Sovereign Default and State-Contingent Debt
20 Pages Posted: 5 Dec 2013
Date Written: November 19, 2013
In recent decades, the common perception had been that sovereign debt crises were unlikely to occur in advanced economies. Events in the euro area over the past few years, however, have undermined this view.
The sovereign debt restructuring in Greece and the events surrounding the IMF-EU support packages for Ireland, Portugal and Cyprus have exposed fault lines in the existing practices for sovereign debt crisis resolution — perhaps most importantly, an overreliance on official sector liquidity support. This paper argues that the current approach is suboptimal for five main reasons: (i) it increases the risk of moral hazard; (ii) it incentivises short-term lending, which can increase the risk of liquidity crises; (iii) it puts an inequitable amount of tax-payer resources at risk; (iv) substantial official sector holdings of an insolvent sovereign’s debt can complicate negotiated debt write-downs; and, (v) it can delay necessary reforms thereby requiring larger policy adjustments to be implemented when action is eventually taken.

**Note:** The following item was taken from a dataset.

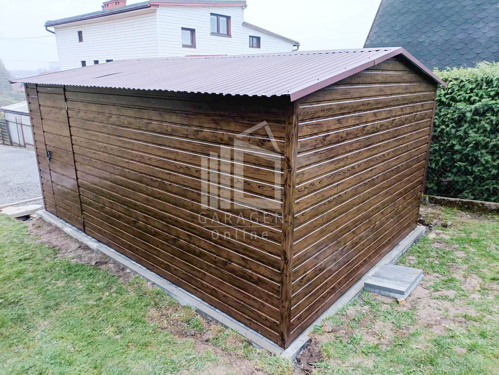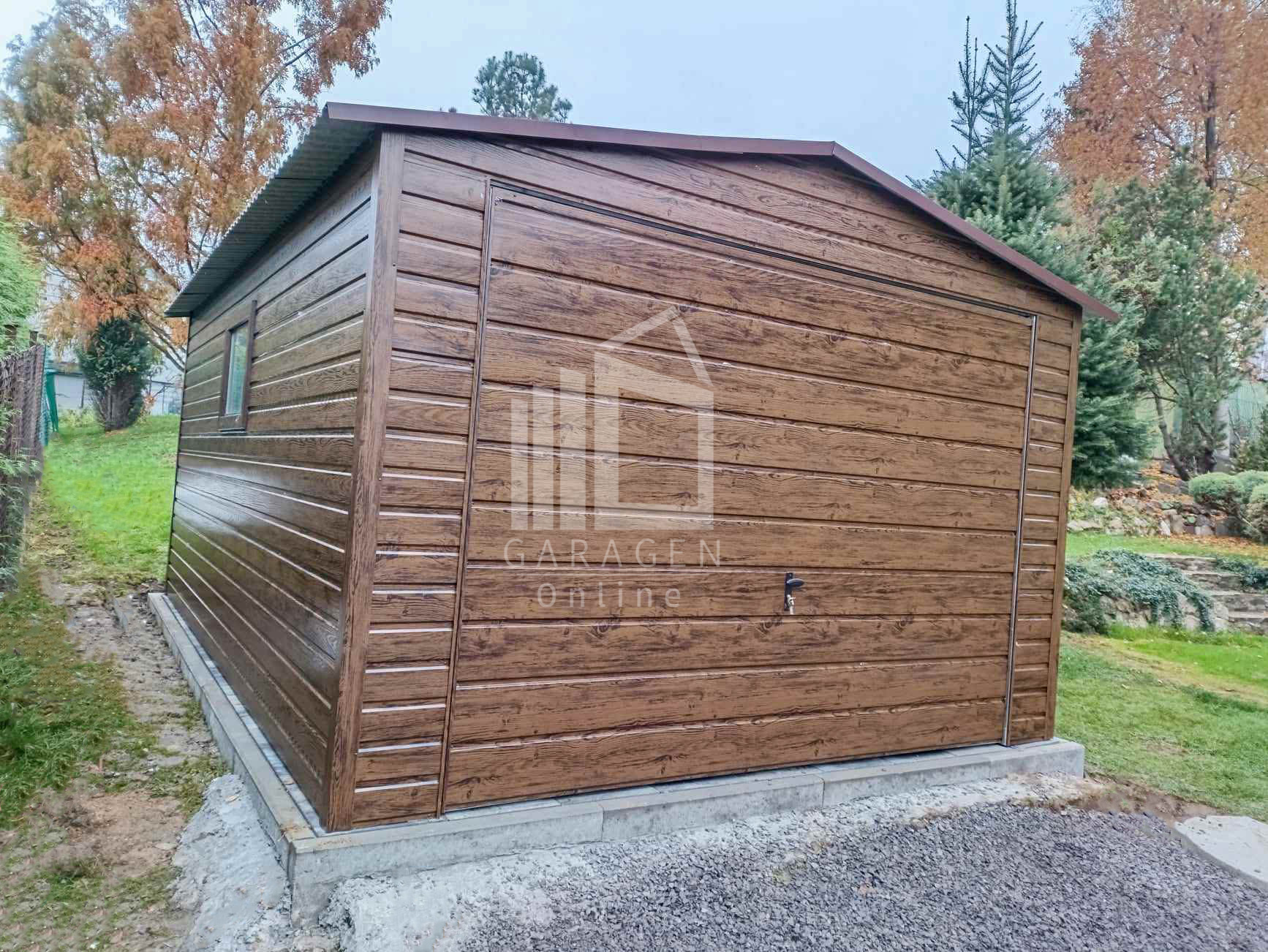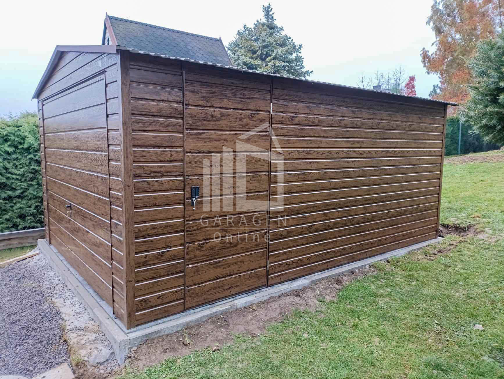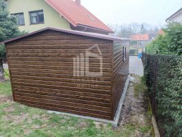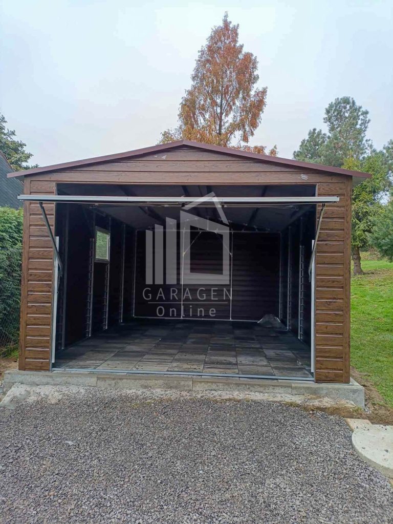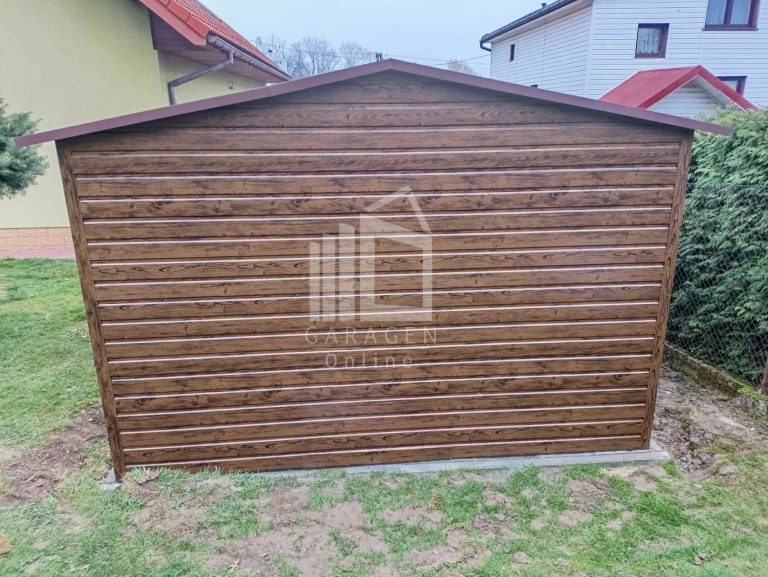 Blechgarage 4x6m Schwingtor – Tür – PVC Kippfenster – Holzoptik – Satteldach ID809
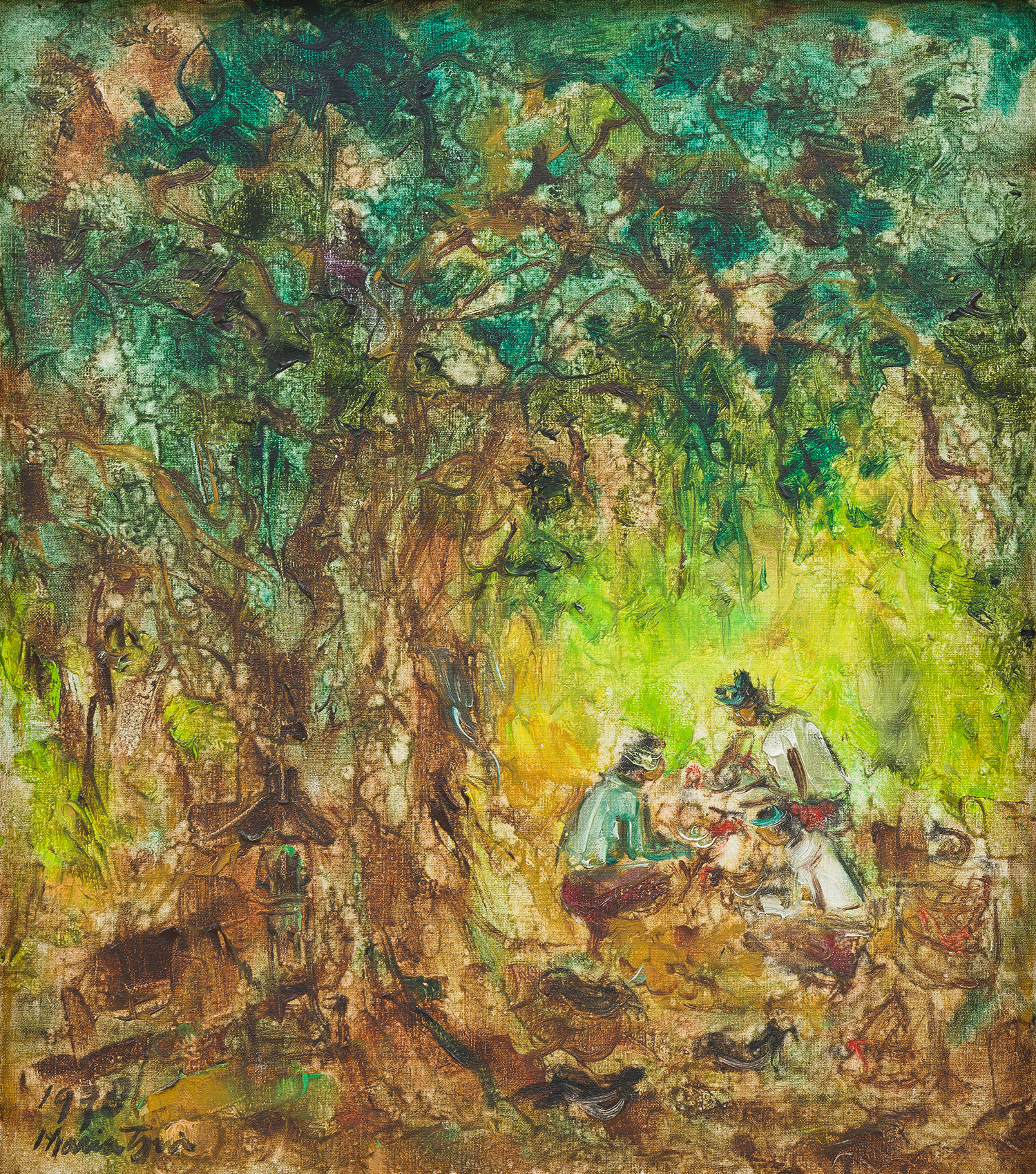 Depicting figures beneath a large tree, in thickly applied paint. In original carved Balinese wooden frame.

In response to these deficiencies, this paper argues that, for reasons of equity and efficiency, private creditors should play a greater role in risk-sharing and helping to resolve sovereign debt crises. We propose the introduction of two complementary types of state-continent bonds — ‘sovereign cocos’ and ‘GDP-linked bonds’.
Sovereign cocos are bonds that would automatically extend in repayment maturity when a country receives official sector emergency liquidity assistance. This predictable and transparent means of bailing-in creditors would increase market discipline on sovereigns to prudently manage their debt, ex-ante, thus reducing the incidence of crises. And, it would reduce the size of official sector support packages once a crisis has hit, as amortising debt would no longer need to be covered by program financing.
GDP-linked bonds are debt instruments that directly link principal and interest payments to the level of a country’s nominal GDP. They provide a natural complement to sovereign cocos. While sovereign cocos are primarily designed to tackle liquidity crises, GDP-linked bonds help reduce the likelihood of solvency crises. This is because GDP-linked bonds provide a form of ‘recession insurance’ that reduces principal and interest payments when a country is hit by a negative growth shock. This helps to both stabilise the debt-to-GDP ratio and increase a sovereign’s capacity to borrow at sustainable interest rates. While all countries might experience some benefit from the use of GDP-linked debt, economies with higher GDP growth volatility (such as emerging market economies) or countries where monetary policy is constrained (such as those in a monetary union) are likely to benefit most.
The promotion of collective action clauses (CACs) by the G10 and the major emerging market economies in the mid-2000s provides evidence that it is possible for the international community to reach agreement on, and implement, changes to the contractual terms of sovereign debt. This experience suggests that it would be possible to implement the two types of state-contingent bonds proposed in this paper.